Your objective
Please set down, with no changes, every line of the material below from the one containing "不抹酥油或乳瑪琳,直接將魚漿倒入到模型中,加入各種餡料" through the end. Skip the pictures.

Data for processing
● ● ● ●
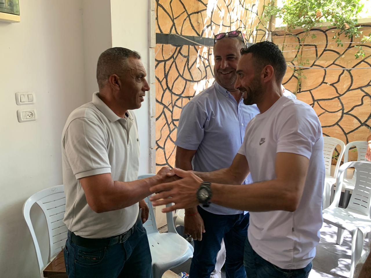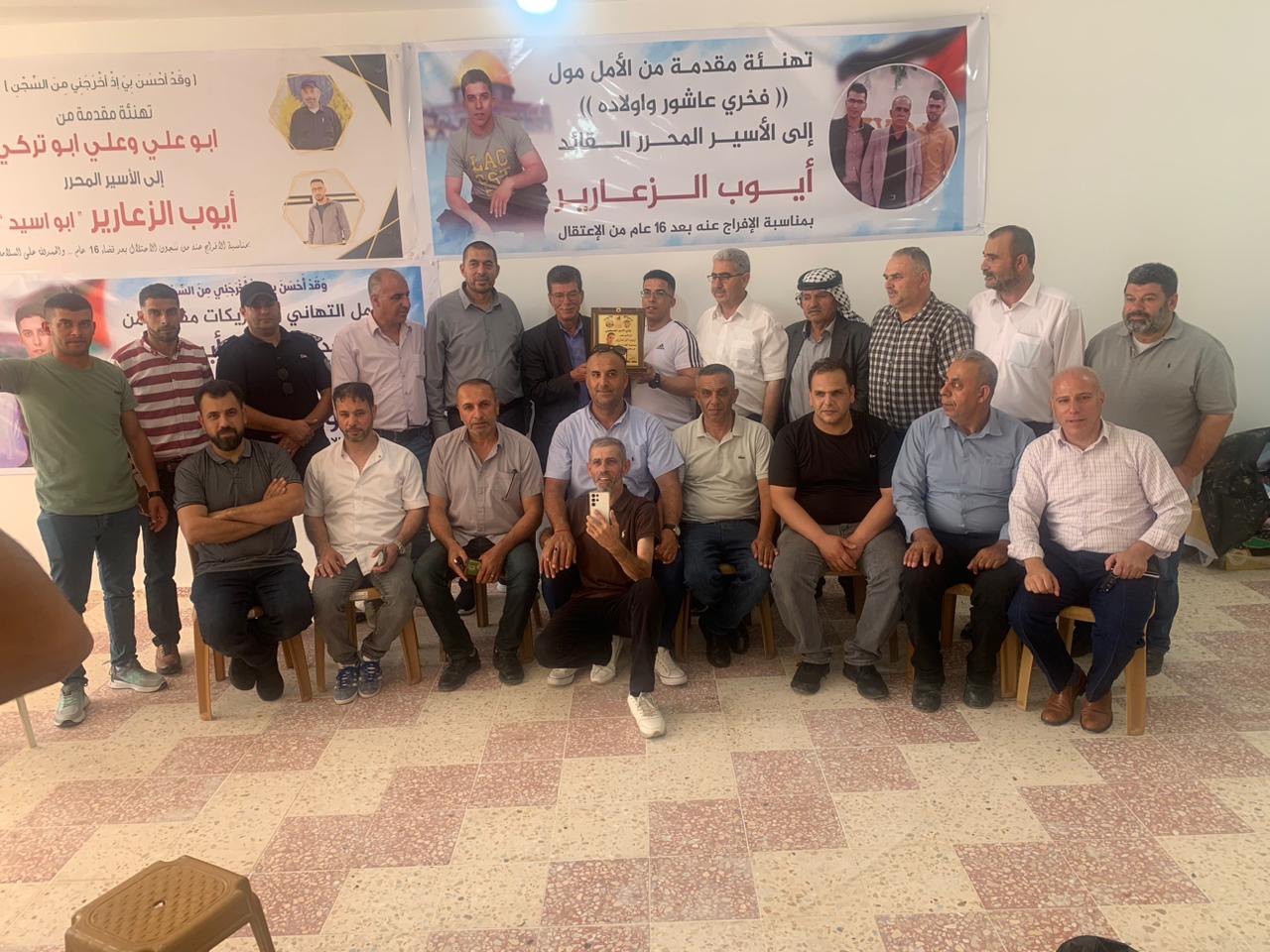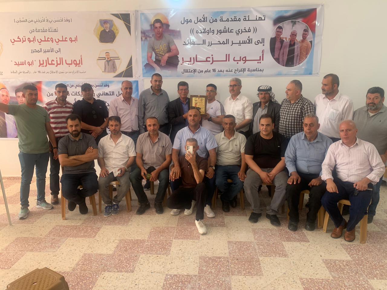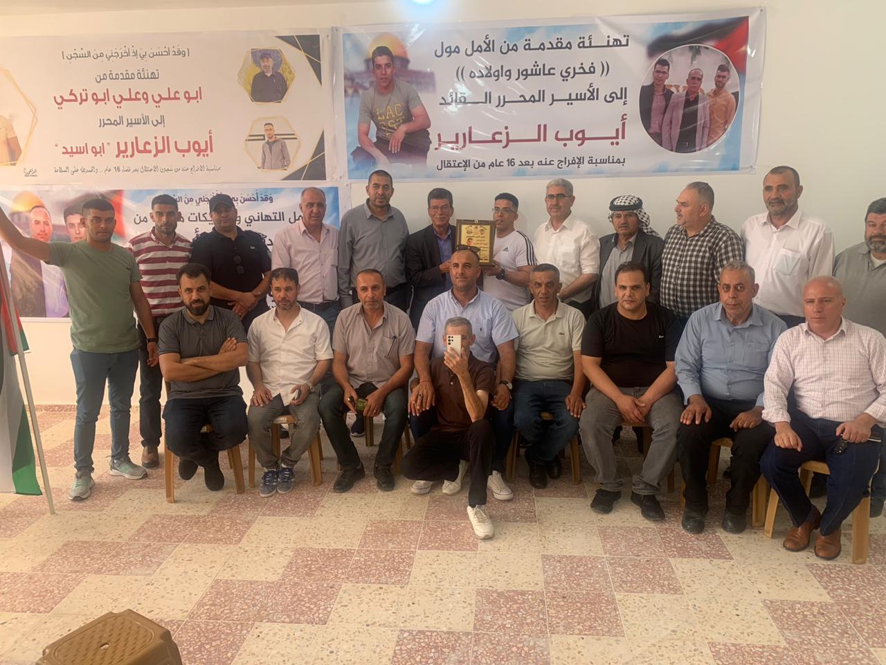 وشارك في تقديم التهاني عبد الله الزغاري مدير عام نادي الأسير وامجد النجار مدير عام العلاقات العامة والاعلام وحسام أبو علان مدير مكتب نادي الأسير وجهاد الشحاتيت رئيس دائرة الاسرى المحررين وكوكبه من الاسرى المحررين وهم ( جواد حوشية ، عمار البدوي ، بهاء القاضي ، عواد السعدة ، عبد الوهاب الأطرش ، إبراهيم عطية ، حمادة القواسمة ، محمد مخامرة ، نجيب الشوامرة ، فراس مريش..
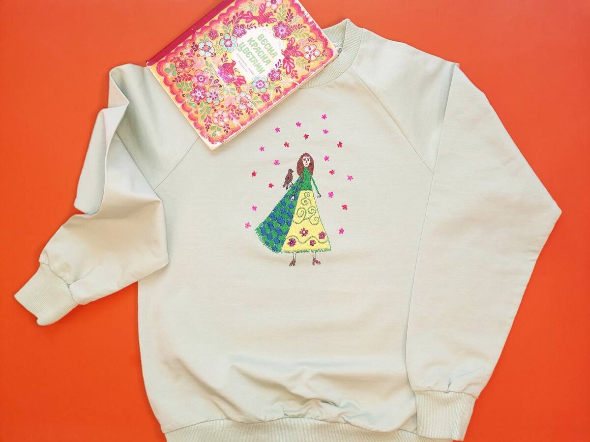 Вышивка рисунка на свитшоте - это самый долговечный подарок на текстиле
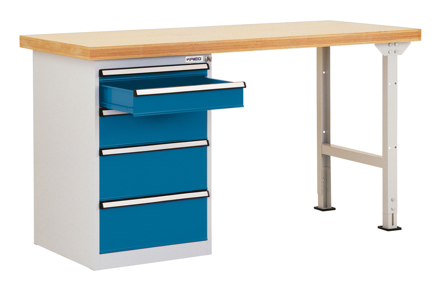 Die Werkbank COMBI von KRIEG® WORKFLEX® sorgt für viel Stauraum und gleichzeitig mehr Übersichtlichkeit am Arbeitsplatz. Die praxisgerechte Unterteilung in stabilen Schubfächern sorgt für eine übersichtliche Lagerung und Ordnung rund um die Werkbank.
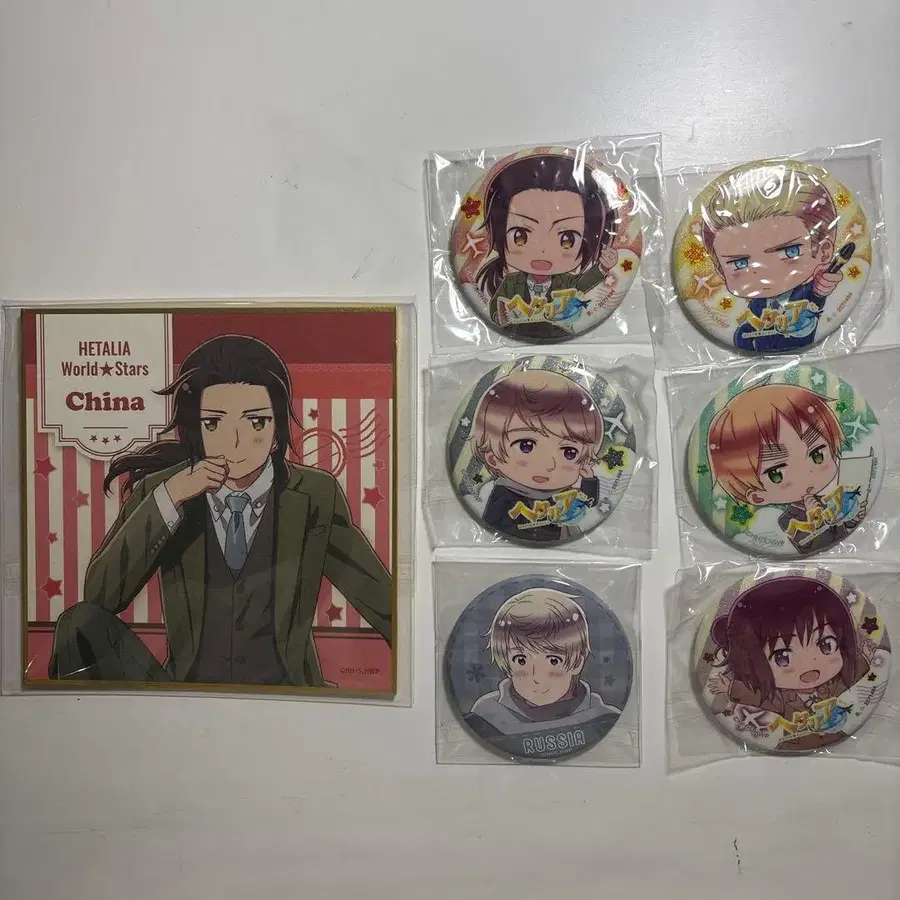헤타리아 World ☆ Stars의 캔뱃지와 색지입니다. 낱개 판매 시 연락 주세요. 희망 가격을 제시해 주시면 감사하겠습니다. 중국 독일 러시아 영국 체코
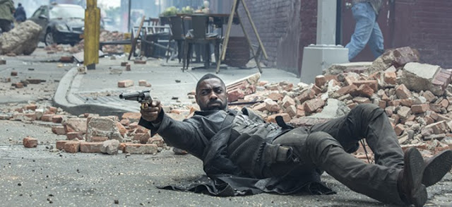 Lo que más me interesa es la historia personal de Jake, el niño que sueña con esa torre oscura, en esa vida diaria que vemos en la parte inicial, y sobre todo esas escenas que se desarrollan en un paisaje que recuerda a Monument Valley, en donde el niño se encuentra junto al pistolero Roland, una de las personas que ha visto en sus sueños. Idris Elba es ese hombre enigmático que intenta luchar por mantener a salvo la torre oscura, y que va en busca de Walter, para vengarse del malo de la película por un asunto que sucede en la parte inicial. Curiosamente coinciden en esa escena clave, que vemos en el sueño de Jake, dos actores de color que se hicieron populares por series de televisión, Idris Elba el " Stringer " Bell de " The Wire ( 2002-2008 ) " y Dennis Haysbert el presidente David Palmer de " 24 ( 2001-2010 ) ".
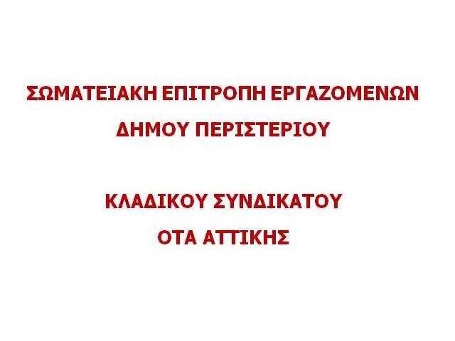 Παράνομη θεώρησε τάχα την κινητοποίηση των εργαζομένων η δημοτική αρχή Περιστερίου βγάζοντας επιλεκτικά σε αναφορά συνδικαλιστικά στελέχη του ταξικού κινήματος, που οργάνωσαν των δίκαιο αγώνα για την διεκδίκηση των δικαιωμάτων των εργαζομένων, αποδεικνύοντας ακόμα μια φορά, μετά από τις απολύσεις συναδέλφων, την πλήρη ευθυγράμμιση της με την αντεργατική πολίτικη και την καταστολή του αγώνα των εργαζομένων από την κυβέρνηση της Ν.Δ.
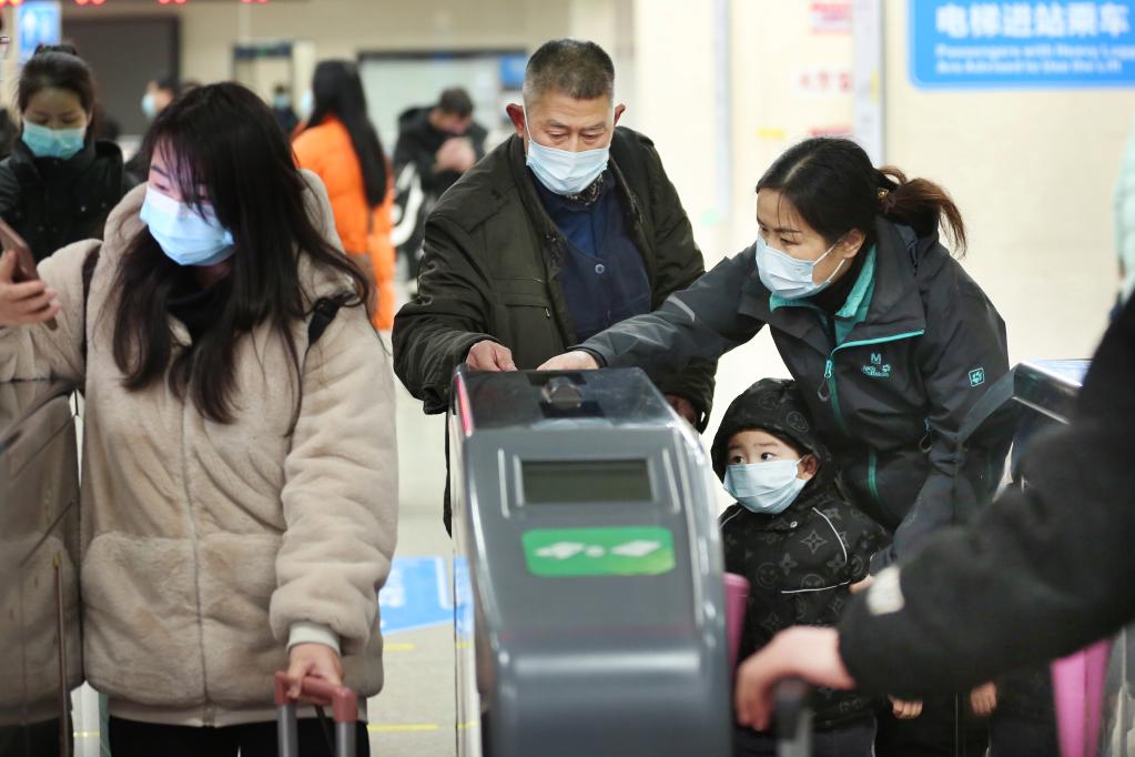 姚婕正在帮助小朋友和老年人进站。 新华社发(产启斗 摄)
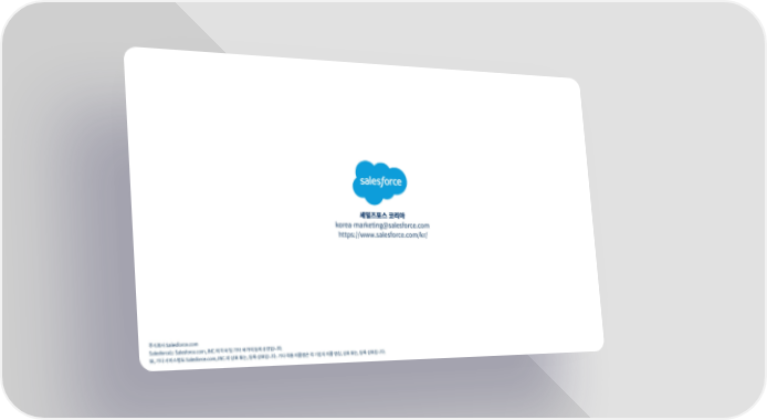 세일즈포스 코리아 korea-marketing@salesforce.com https://www.salesforce.com/kr/ 주식회사 Salesforce.com Salesforce는 Salesforce.com,.INC.의 미국 및 기타 국가의 등록 상표입니다. 또, 기타 서비스명도 Salesforce.com,.INC.의 상표 또는, 등록 상표입니다. 기타 각종 제품명은 각 기업의 제품 명칭, 상표 또는, 등록 상표입니다.
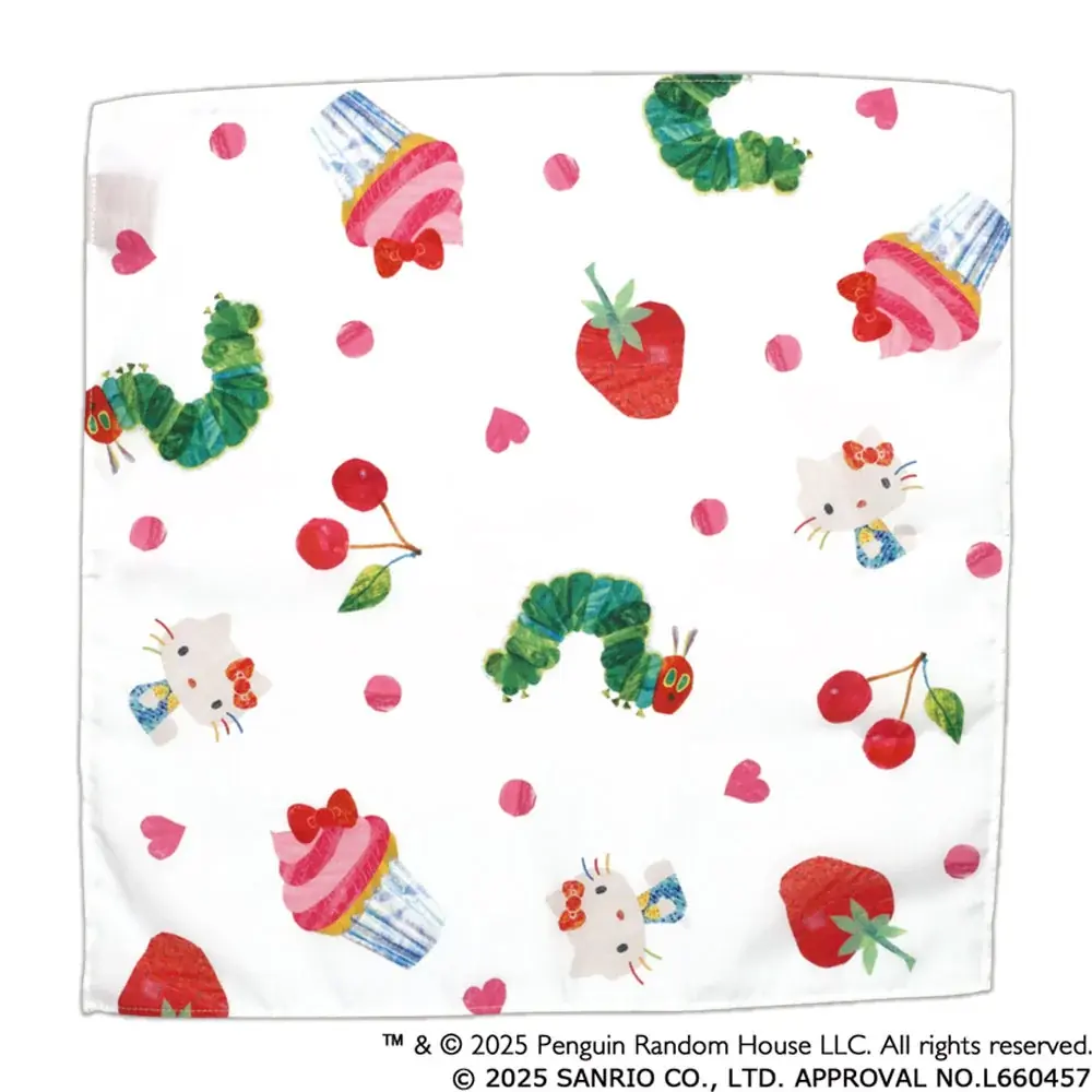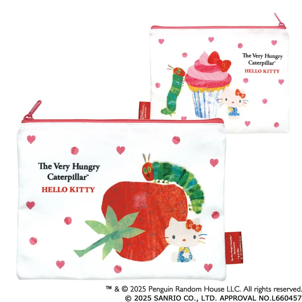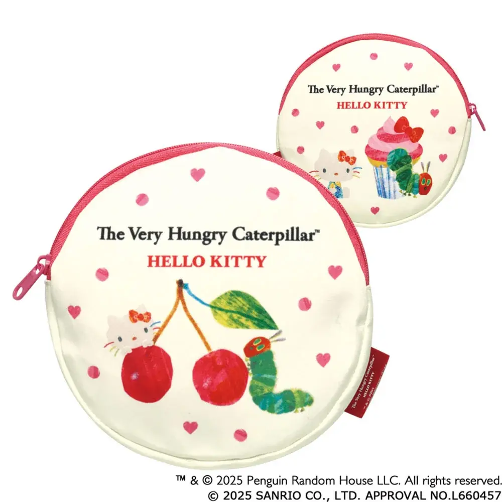 はらぺこあおむしがカップケーキを食べようとする仕草や、ハローキティがエリック・カールの色彩で表現される点がコラボレーションならではの見どころになっています。どちらのキャラクターファンにも訴求する意匠で、持ち歩きやすい雑貨として日常に取り入れやすいデザインに仕上がっています。
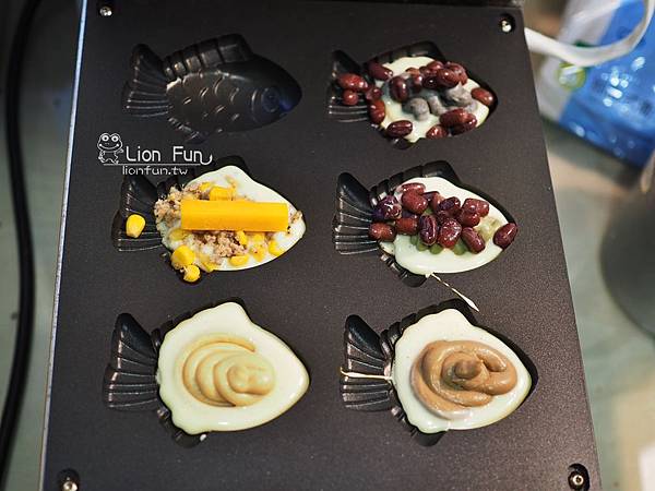 不抹酥油或乳瑪琳,直接將魚漿倒入到模型中,加入各種餡料
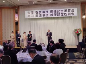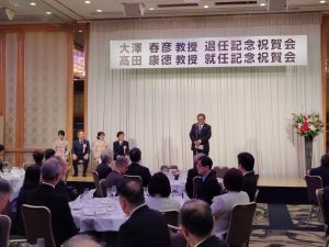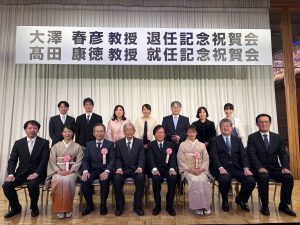 2026年2月8日、大澤春彦教授退官・髙田康徳教授就任記念祝賀会を開催しました。 長年にわたり教育・研究・診療に多大なご貢献をいただいた大澤教授への感謝と、髙田教授の門出を祝う、温かい会となりました。 会では大澤教授のこれまでの歩みを振り返り、終始和やかな雰囲気に包まれました。また、髙田教授からは今後の抱負についてのお話をいただき、新体制への期待が高まるひとときとなりました。
● ● ● ●
Task response
 不抹酥油或乳瑪琳,直接將魚漿倒入到模型中,加入各種餡料
 2026年2月8日、大澤春彦教授退官・髙田康徳教授就任記念祝賀会を開催しました。 長年にわたり教育・研究・診療に多大なご貢献をいただいた大澤教授への感謝と、髙田教授の門出を祝う、温かい会となりました。 会では大澤教授のこれまでの歩みを振り返り、終始和やかな雰囲気に包まれました。また、髙田教授からは今後の抱負についてのお話をいただき、新体制への期待が高まるひとときとなりました。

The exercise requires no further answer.